# Homemade Fruit Fly Media?



## Pesca.Ranas

Do any of you have experience making your own fruit fly media? If so, what are some good and affordable recipes? Thanks!


----------



## carola1155

Welcome to the forum! There are a lot of great threads covering this topic already so if you have some questions or want to see some ideas please feel free to check them out first!

This one is a great place to start:
http://www.dendroboard.com/forum/food-feeding/58072-best-homemade-ff-media.html


There are a lot of other good food and feeding threads compiled here too:
http://www.dendroboard.com/forum/food-feeding/157354-popular-helpful-food-feeding-threads.html


----------



## BlueRidge

I wouldn't bother honestly. There are so many different commercial mixes out there and they all compare to making your own. Repashy, Joshs, NEHerp, etc. With the commercial mixes you typically just add some hot water, let cool and add flies.

I used to do home made stuff...potato flakes, powdered sugar, etc. and unless you buy inhibitors like methyl paraben they all get moldy. I even used the vinegar and cinnamon mixes and still got mold.

This is my opinion, but I find it easier to just go online and buy a bulk bag of media.


----------



## Gibbs.JP

I've never tried making my own, and I use the Repashy SuperFly stuff. Pretty inexpensive and super easy, as Jared said above. Just mix with hot water, let cool, and add flies.
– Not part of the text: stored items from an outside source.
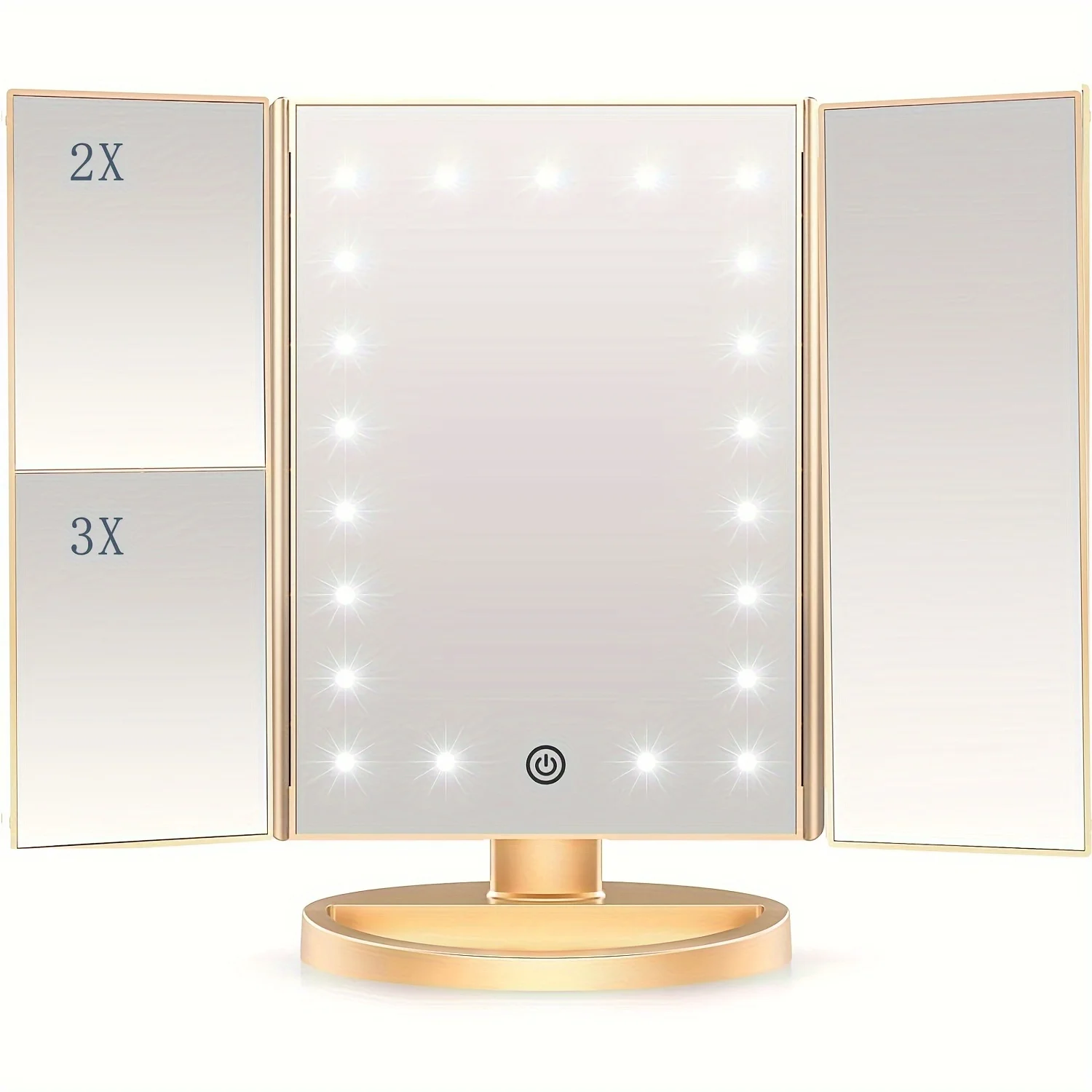LED Trifold Makeup Mirror with Lights, 10X Magnification, 180° Rotating, Portable Control - Women's Perfect Gift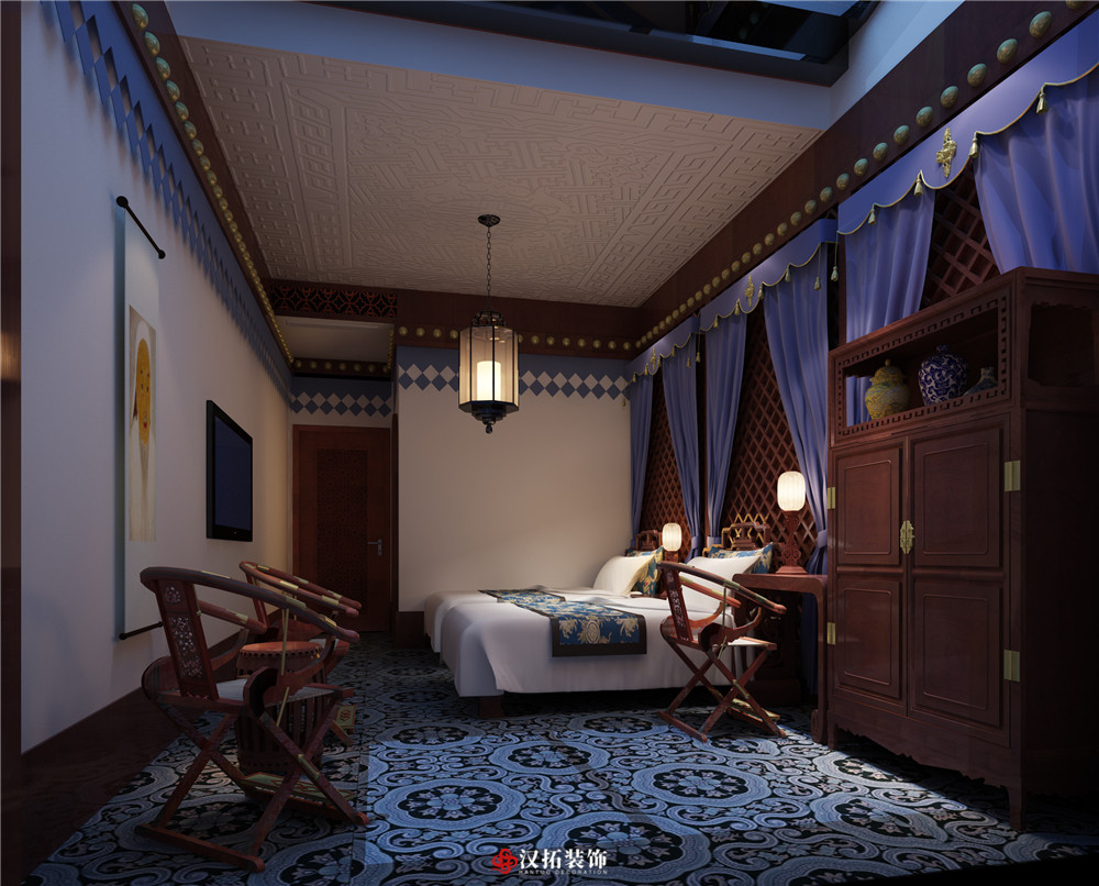 設(shè)計(jì)說明:預(yù)算:180萬 采用直接照明和間接照明相結(jié)合的方式,在色調(diào)上以暖色調(diào)為主,提高人們的興致,搭配上整體中式的環(huán)境,在熱烈中添了幾許恬靜。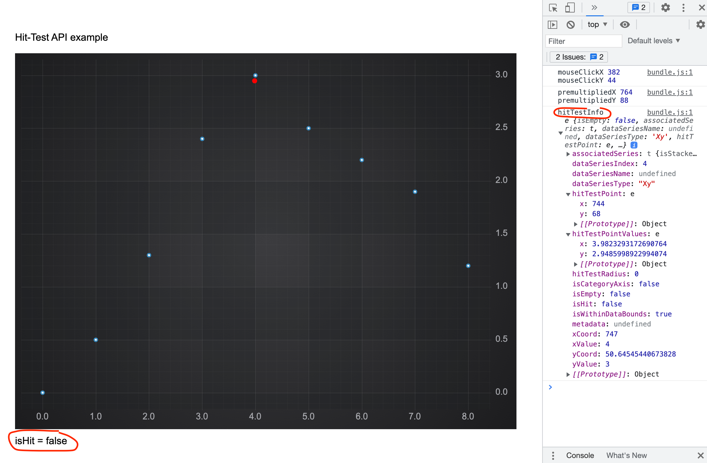 This is the full example of the hitTest method on Scatter Series.

Done deal.


----------



## Spaff

Dry Media

- 6 parts Instant Potatoes
- 2 parts Brewer's (Nutritional) Yeast
- 1 part Powdered sugar

Add 1/4 cup warm water to bottom of cup, then add 1/3 cup dry media and a sprinkle of cinnamon (adding water first ensure all media is moistened). Add 1/4 cup vinegar, stir and you're done. You may need to add a bit of water to adjust moisture levels at the end, but that needs to be eyeballed. 

Add Excelsior/coffee filters, microwave for 20 sec., let cool, and add flies.

I've used this method for 5.5+ years with very little mold issues and good production of both melanogaster and hydei. I might spend $30-40/year, and I make enough cultures to sustain ~15 pairs/groups of groups plus treats for day geckos.


----------



## Fingolfin

I make my own, super cheap and works well

2 parts mashed potatoes- just poke holes in em, stick em in a microwave, put them in a bag and mash them with your hands. (or instant potatoes, but my family doe not eat those so I use whole potatoes.)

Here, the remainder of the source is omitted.